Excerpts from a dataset
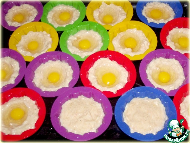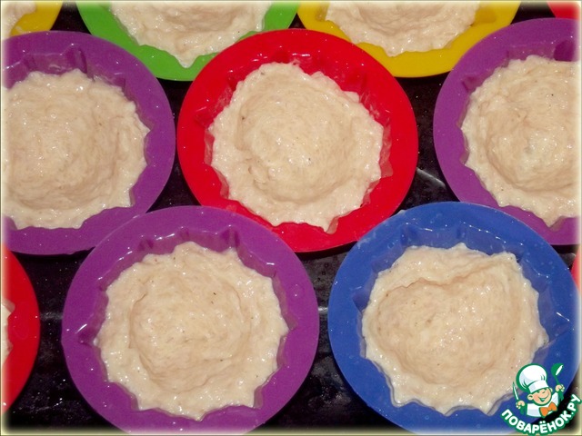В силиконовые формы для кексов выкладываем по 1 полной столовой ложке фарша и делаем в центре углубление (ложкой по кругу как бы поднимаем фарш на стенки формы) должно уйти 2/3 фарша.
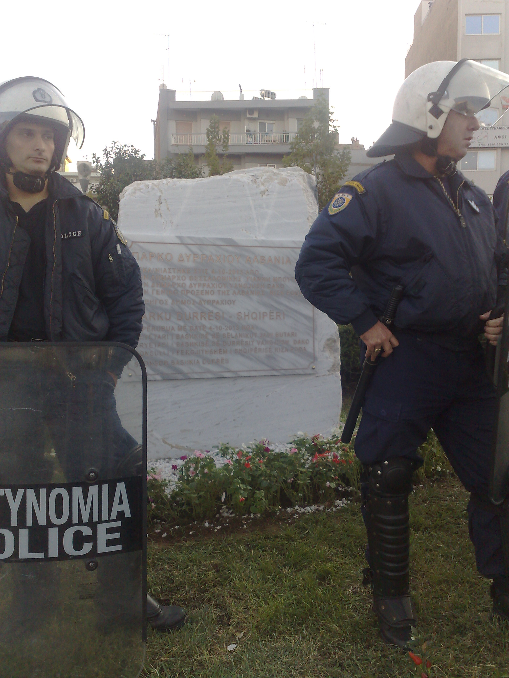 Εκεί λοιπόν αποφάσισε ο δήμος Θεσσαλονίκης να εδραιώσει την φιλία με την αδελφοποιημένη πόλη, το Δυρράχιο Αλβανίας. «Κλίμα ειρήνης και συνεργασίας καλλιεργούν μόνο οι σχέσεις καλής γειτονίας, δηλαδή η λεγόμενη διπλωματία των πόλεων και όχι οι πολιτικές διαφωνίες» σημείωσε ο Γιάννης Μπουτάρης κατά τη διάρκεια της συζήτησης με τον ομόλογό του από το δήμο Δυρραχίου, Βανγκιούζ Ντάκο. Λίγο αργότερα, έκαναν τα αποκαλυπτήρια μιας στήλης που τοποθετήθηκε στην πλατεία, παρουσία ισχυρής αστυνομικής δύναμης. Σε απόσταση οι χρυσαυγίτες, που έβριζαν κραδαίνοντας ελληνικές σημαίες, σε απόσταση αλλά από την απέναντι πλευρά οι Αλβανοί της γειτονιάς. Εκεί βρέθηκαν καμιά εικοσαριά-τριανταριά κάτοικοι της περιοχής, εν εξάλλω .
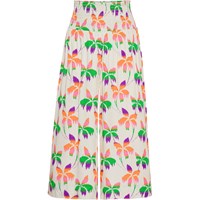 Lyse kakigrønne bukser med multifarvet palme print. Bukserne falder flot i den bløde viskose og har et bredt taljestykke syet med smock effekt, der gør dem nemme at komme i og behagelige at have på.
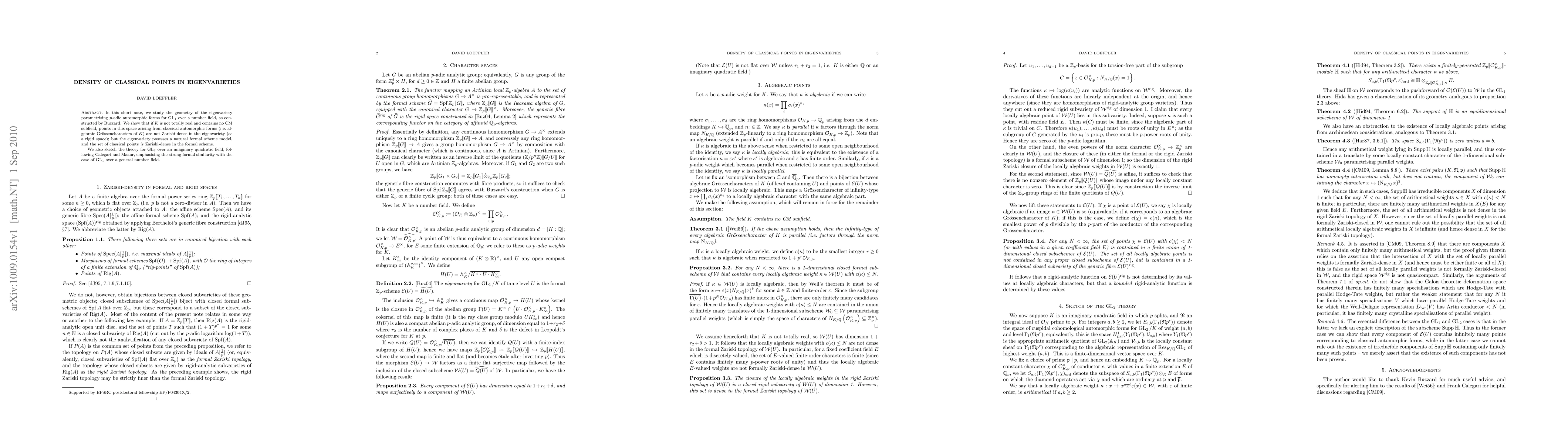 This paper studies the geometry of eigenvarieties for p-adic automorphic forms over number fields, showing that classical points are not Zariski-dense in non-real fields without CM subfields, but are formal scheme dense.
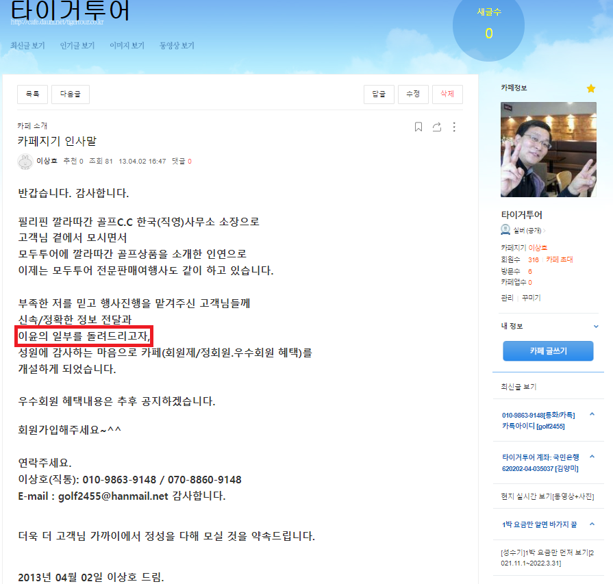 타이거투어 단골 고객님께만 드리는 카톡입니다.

==

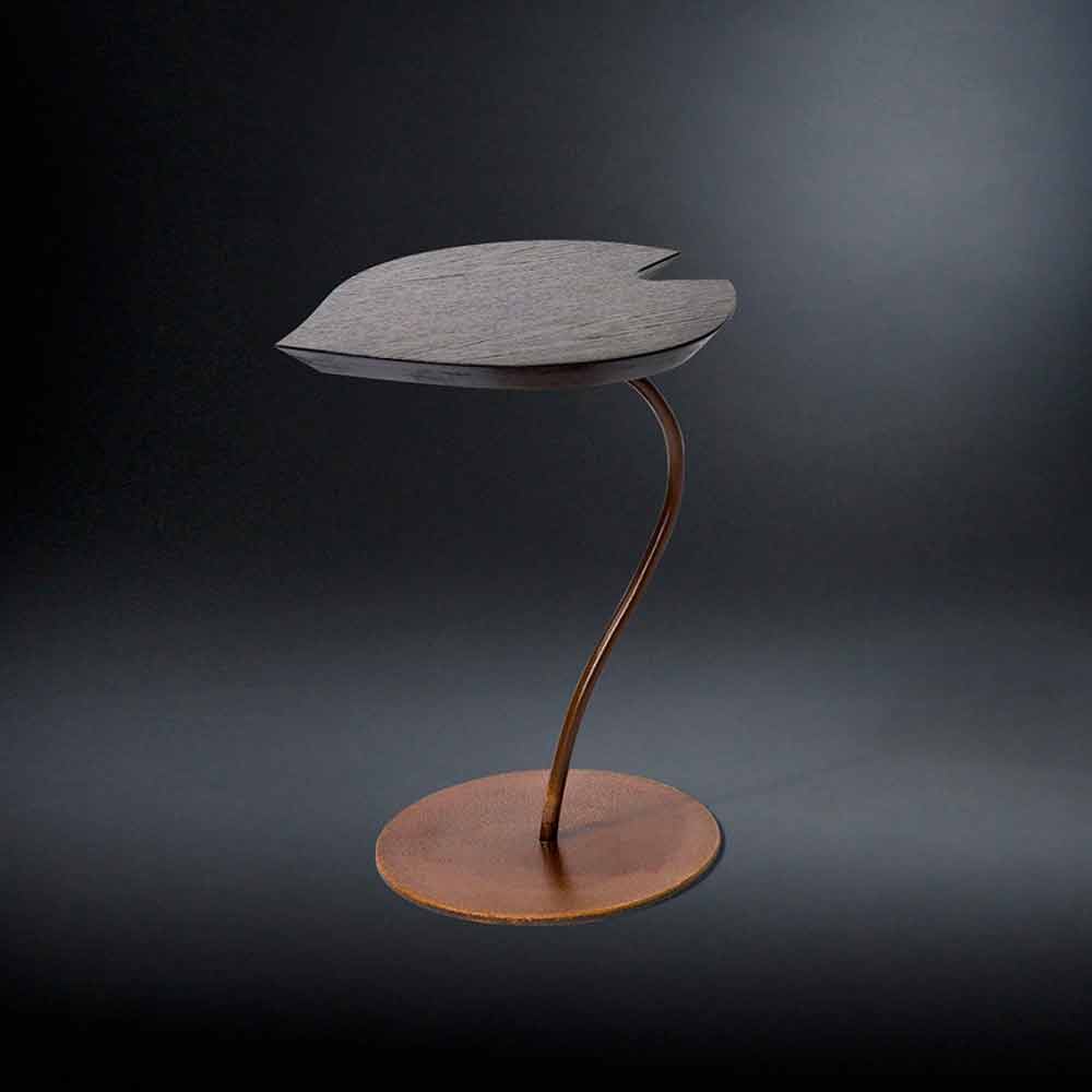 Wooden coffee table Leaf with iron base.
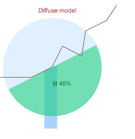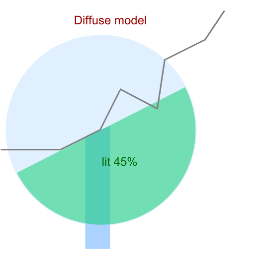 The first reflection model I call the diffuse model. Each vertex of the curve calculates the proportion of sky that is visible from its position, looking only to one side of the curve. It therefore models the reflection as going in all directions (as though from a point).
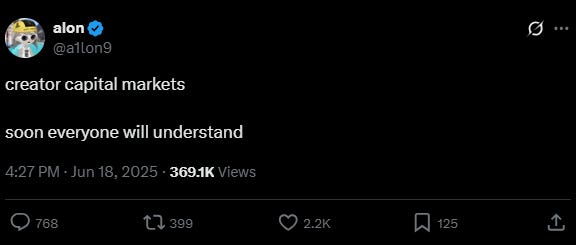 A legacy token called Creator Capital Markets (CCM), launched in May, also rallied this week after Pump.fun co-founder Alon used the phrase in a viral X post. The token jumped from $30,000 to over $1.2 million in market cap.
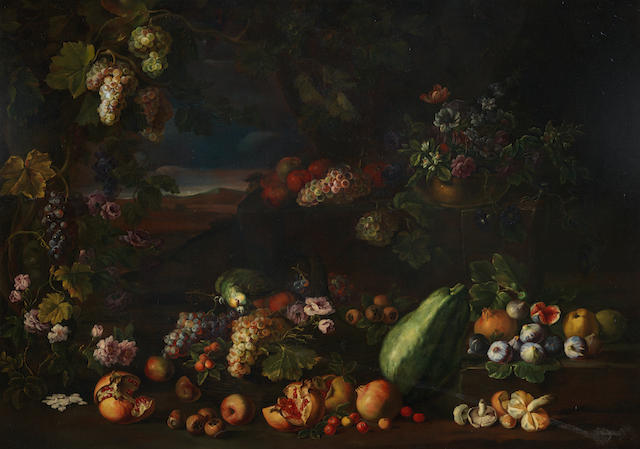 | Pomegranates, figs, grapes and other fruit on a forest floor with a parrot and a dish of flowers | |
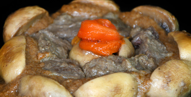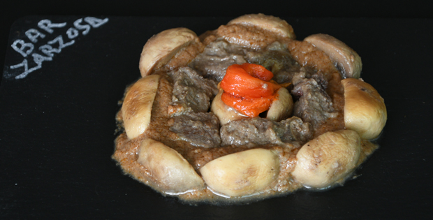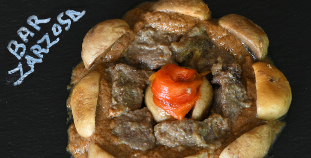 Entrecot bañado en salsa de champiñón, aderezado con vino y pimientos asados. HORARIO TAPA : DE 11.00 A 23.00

• **Instructions for the task**:
In the records above, find the line with "Wooden coffee table Leaf with iron base." and the line with "The first reflection". Write out exactly those lines and every one between, with no pictures and no other lines.

• **Solution**:
 Wooden coffee table Leaf with iron base.
 The first reflection model I call the diffuse model. Each vertex of the curve calculates the proportion of sky that is visible from its position, looking only to one side of the curve. It therefore models the reflection as going in all directions (as though from a point).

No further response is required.